Vision systems are for small and complex medical parts such as these dental implants.

Accurately validating the dimensional specifications of medical parts is a crucial aspect of design and product development. Often, however, medical parts can be too difficult to measure with conventional tactile measurement systems. Part features may be too small for, or out of the reach of, hard touch probes. Soft and pliable materials can deform from contact measurement. Contact probes might scratch highly finished orthopedic products.

Fortunately, vision and other non-contact probing technologies let users rapidly collect vast amounts of dimensional information for design analyses and subsequent part validation. The technologies use powerful CAD-based programs that let measurement systems operate in 2D, 2.5D, and 3D modes while collecting data that can be used both to validate dimensions and analyze designs and manufacturing processes.

These advancements were hard-won as vision-system software developers spent decades creating proprietary algorithms for accurately capturing images and transforming them into discrete points of data that could be automatically compared to nominals in the CAD model — and that was just the beginning.

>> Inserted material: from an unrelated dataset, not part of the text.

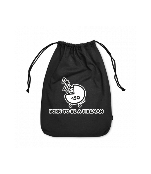 Medium cotton pouch for kid with design 1184 BORN TO BE A FIREMAN in color BLACK

Current refinements to the software used with vision and multisensor metrology systems should be of great interest to medical-device developers.

Algorithms augment optics

A perceived barrier to using vision and multisensor measurement systems as primary equipment for medical-parts metrology has been the idea that adjusting the systems for appropriate lighting, contrast, and edge-detection sensitivity required too much specialized knowledge for the average user in the metrology lab. This may have been true at one time, but it is no longer the case. Many powerful new algorithms in vision-measurement software effectively automate these adjustments, allowing for consistent measurements from part to part and vision machine to vision machine.

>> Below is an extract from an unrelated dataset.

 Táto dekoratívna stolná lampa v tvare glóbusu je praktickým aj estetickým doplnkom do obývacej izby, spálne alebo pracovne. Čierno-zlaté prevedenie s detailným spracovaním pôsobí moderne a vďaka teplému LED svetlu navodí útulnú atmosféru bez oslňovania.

Advanced software, including feature-based measurement with target splitting, lets users easily select areas of interest.

The subjectivity of making manual adjustments to optimize contrast is a legitimate concern. Optimizing contrast substantially improves measurement accuracy by improving the vision system's capability to detect edges and compensating for the tendency of light to bend around the edges of cylindrical surfaces, thereby shortening measured distances. Today, special algorithms automate the adjustment of contrast levels. At the touch of a button, the algorithm makes a series of rapid iterative adjustments until an optimal and stable level of contrast is gained.

Another potential source of vision measurement variability is caused by the differences in light sources (halogen or LED) used to illuminate the parts and the ambient lighting conditions in different plant locations. It is easy to correct for these variations when the measurement software includes algorithms that let user compensate for these factors just as they would calibrate a probe on a CMM.

Unlike tactile probes, cameras do not touch the edge they measure. Therefore, edge detection must rely on the accurate interpretation of data the vision software receives from the camera. Fortunately, advanced vision measurement software can tune its edge-detection algorithms to account for both the part's surface and the illumination conditions.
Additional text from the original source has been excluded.